Task instructions:
Everything from the line containing "Best Selling Indian" through the line containing "- Przyjmujemy na" in the listing below should be copied exactly, and nothing more.

Source material:
------------------------------------------------------------------------

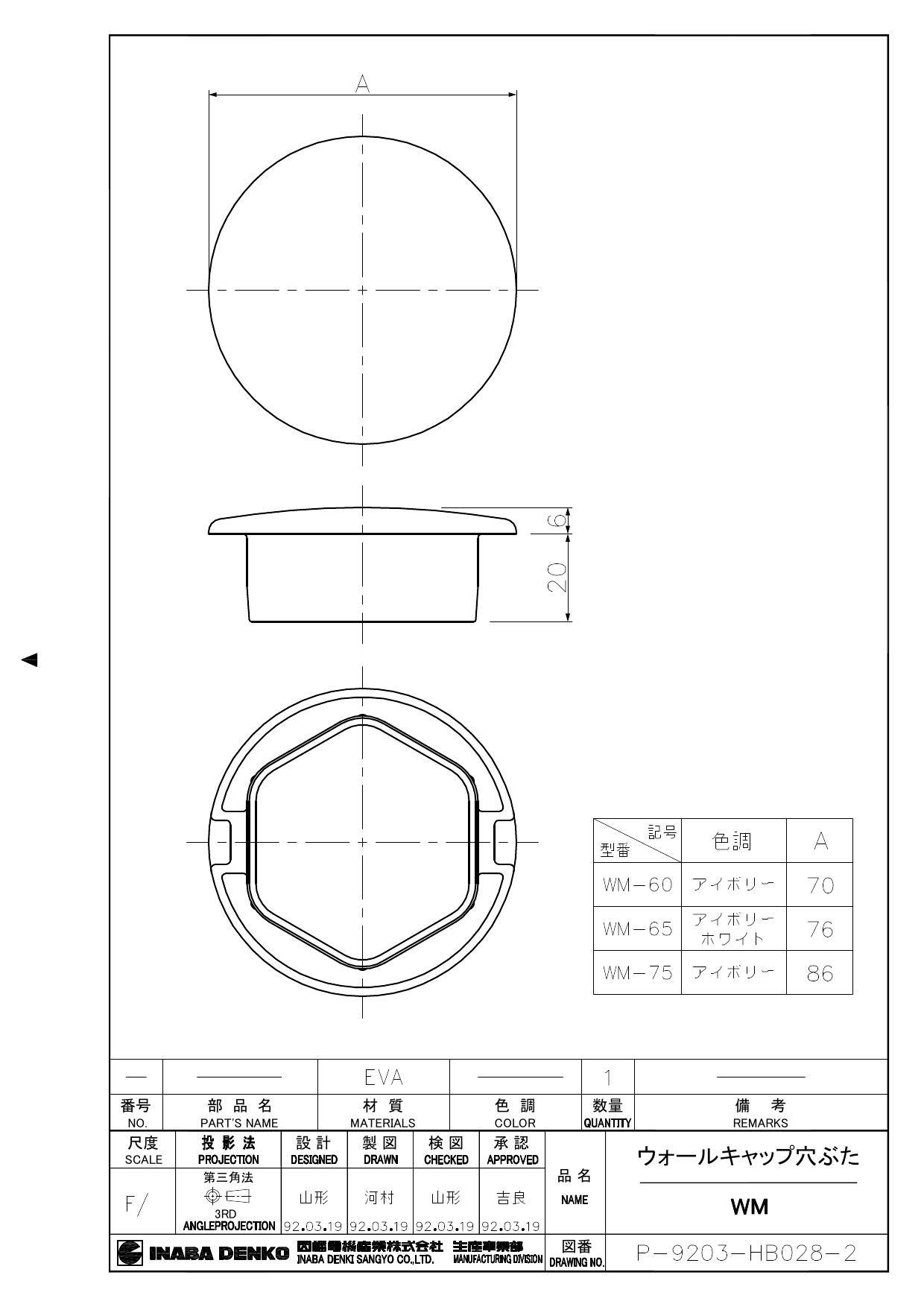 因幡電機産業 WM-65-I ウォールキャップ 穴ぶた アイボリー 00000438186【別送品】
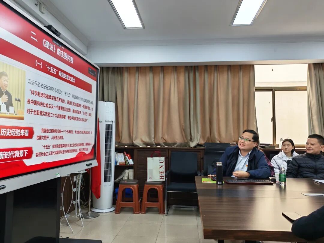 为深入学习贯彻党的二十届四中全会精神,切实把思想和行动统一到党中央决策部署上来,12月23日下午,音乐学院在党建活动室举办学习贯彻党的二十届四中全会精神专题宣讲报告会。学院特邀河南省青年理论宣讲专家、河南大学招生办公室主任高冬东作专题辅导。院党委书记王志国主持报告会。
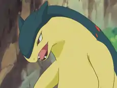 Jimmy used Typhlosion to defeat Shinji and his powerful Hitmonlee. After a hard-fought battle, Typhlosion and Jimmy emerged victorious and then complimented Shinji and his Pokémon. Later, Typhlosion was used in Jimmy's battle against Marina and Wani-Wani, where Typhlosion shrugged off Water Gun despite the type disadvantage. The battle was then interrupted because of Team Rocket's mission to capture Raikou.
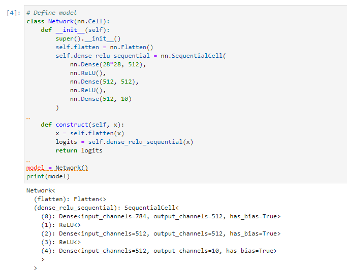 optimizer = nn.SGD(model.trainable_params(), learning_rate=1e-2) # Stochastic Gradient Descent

------------------------------------------------------------------------

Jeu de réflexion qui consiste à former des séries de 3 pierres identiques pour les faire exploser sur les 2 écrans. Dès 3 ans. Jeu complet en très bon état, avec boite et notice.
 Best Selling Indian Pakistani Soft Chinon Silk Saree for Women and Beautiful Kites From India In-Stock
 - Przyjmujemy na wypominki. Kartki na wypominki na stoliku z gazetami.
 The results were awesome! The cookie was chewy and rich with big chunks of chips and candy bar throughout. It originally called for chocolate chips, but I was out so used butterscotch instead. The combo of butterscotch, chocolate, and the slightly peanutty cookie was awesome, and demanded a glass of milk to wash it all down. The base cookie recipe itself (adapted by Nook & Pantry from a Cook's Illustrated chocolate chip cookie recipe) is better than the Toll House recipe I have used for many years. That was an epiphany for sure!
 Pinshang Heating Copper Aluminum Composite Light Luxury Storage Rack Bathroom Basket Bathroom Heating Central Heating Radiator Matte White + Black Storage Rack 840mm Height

------------------------------------------------------------------------

Final answer:
 Best Selling Indian Pakistani Soft Chinon Silk Saree for Women and Beautiful Kites From India In-Stock
 - Przyjmujemy na wypominki. Kartki na wypominki na stoliku z gazetami.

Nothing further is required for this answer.